見た目が美しいだけの作品は国際的なアートマーケットでは評価されないため、アーティストとして食べていくためには日本の狭いマーケットだけでは実質的な無理であり、国際的な評価を得るまでは食べていくことはできない。
そのためには感覚を研ぎ澄まし、世の中の流れと自分の立ち位置を見極めた上でアーティストとして発信するメッセージとコンセプトを持つことが必須である。
メッセージの「面白さ」、「斬新さ」、「感心させる」、「感動させる」といった、見るものに対しての圧倒的な影響力を発揮する作品でなければ、価値を上げることはできない。

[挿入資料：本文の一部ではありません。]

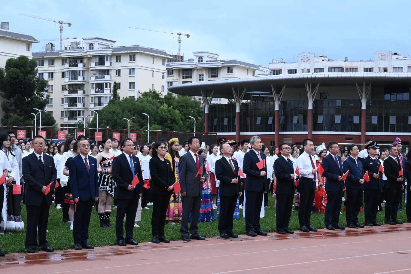 History witnesses the magnificent journey, and time engraves the footprints of struggle. On October 1, 2024, to celebrate the 75th anniversary of the founding of the People's Republic of China, Yunnan University of Finance and Economics held flag-raising ceremonies simultaneously at both Longquan Road campus and Anning campus. University leaders and over 2,000 faculty and student representatives participated.
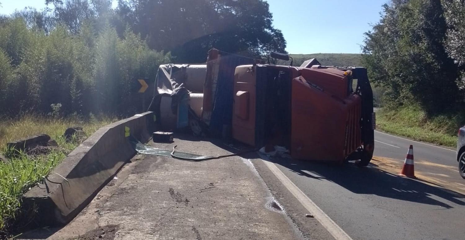 Um caminhão Scania, ocupado por duas pessoas, acabou tombando. Uma saiu ilesa e a outra foi atendida com lesões leves. O atendimento foi prestado pelas equipes da Brigada Comunitária e do Samu de Candói.
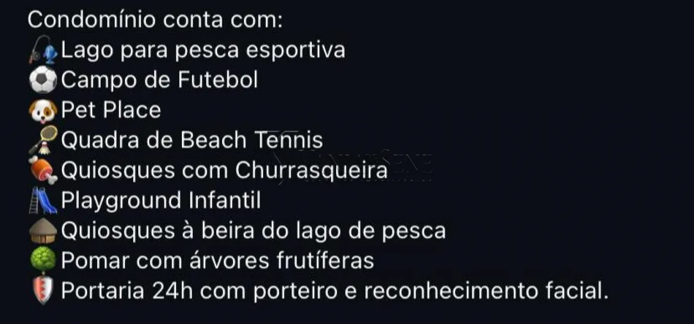 O condomínio oferece excelente infraestrutura com segurança e lazer completo, incluindo parque ao ar livre, quadras esportivas, lago para pesca, trilha de caminhada, espaço pet, redário, quiosque e mercado interno. ?

世の中の様々な事象を観察した上で、新しい切り口でアートで表現する力が必要とされる。
作品そのものも常に進化させていくことも必要である。
顧客やアート業界は目まぐるしく変化しており、その変化に対応できるアーティストが残っていく。
決して上手い作家、技術力のある作家が勝つわけではない。いつまでも同じ作品を作る作家は飽きられるし、常に社会に対して斬新な提言をすることで、我々をハラハラさせてくれるアーティストが残っていくのである。そのためには社会情勢を理解し、世の中の流れを機敏に読み取り、トレンドを意識した情報収集力が重要であることは言うまでもない。
自分の表現したい内容を伝えるためにはコミュニケーション能力が必須である。
話し上手である必要はない。文章を書いてももよいし、SNSやブログなどを活用してもよい。
訴えたいこと、アートを通じて伝えたいことを伝えるためにはコミュニケーションが重要であり、これなしに勝手に売れていく作品などない。
作品としての価値を上げるため、作品をどう伝えるかというアピールの方法も重要であり、意味が分かりづらい内容を一般の人に理解してもらうことは難しく、誰でもわかる言葉で語ることが重要である。
コミュニケーション能力は作品を伝える以外に、ギャラリストやコレクター、美術館のキュレーターといった廻りの人々と知り合うきっかけを作る上でも、さらにその方々との関係性を作るうえで最も大切である。
現在世界で活躍しているアーティストの多くは極めてコミュニケーション能力が高い。
アートの作品を制作するのみで、対外的に一切のコミュニケーションを避けても、世間が認めてくれる時代は終わった。現在の世界では通用しないのである。
アーティストが、コレクターたちにサービスを徹することはないが、大人としてのきちんとしたやり取りは最低限として必要である。
多くのアーティストがアート作品を売ることで食べていくことができないまま、アーティスト人生を終えて、サラリーマンになってしまうことがほとんどである。
自ら競争をあきらめ、アートから足を洗って、アートを仕事から趣味の世界へと変容せざるを得ない状況に立たされているのは事実である。
世間での金銭的な豊かさを、一般のサラリーマンとアーティストとを比較したときに、こんなことをしててもいいのだろうかという感情が発生する。
また、親戚や友達からもアーティストそのものがまるで遊んでいるかのような見え方をされてしまうことがある。
アーティストは自営業者であり起業家と同じであり、誰にでもできるわけでない一握りの才能を生かした職業であるため、リスペクトされる存在でなければなならないのであるが、一般的な方には理解がされない職種であるため世間の風当たりは強く、その強さに我慢できなくなって、最終的にはやめてしまうのである。
そこを踏ん張って最後まであきらめない胆力ことがアーティストとして成功するために必須である。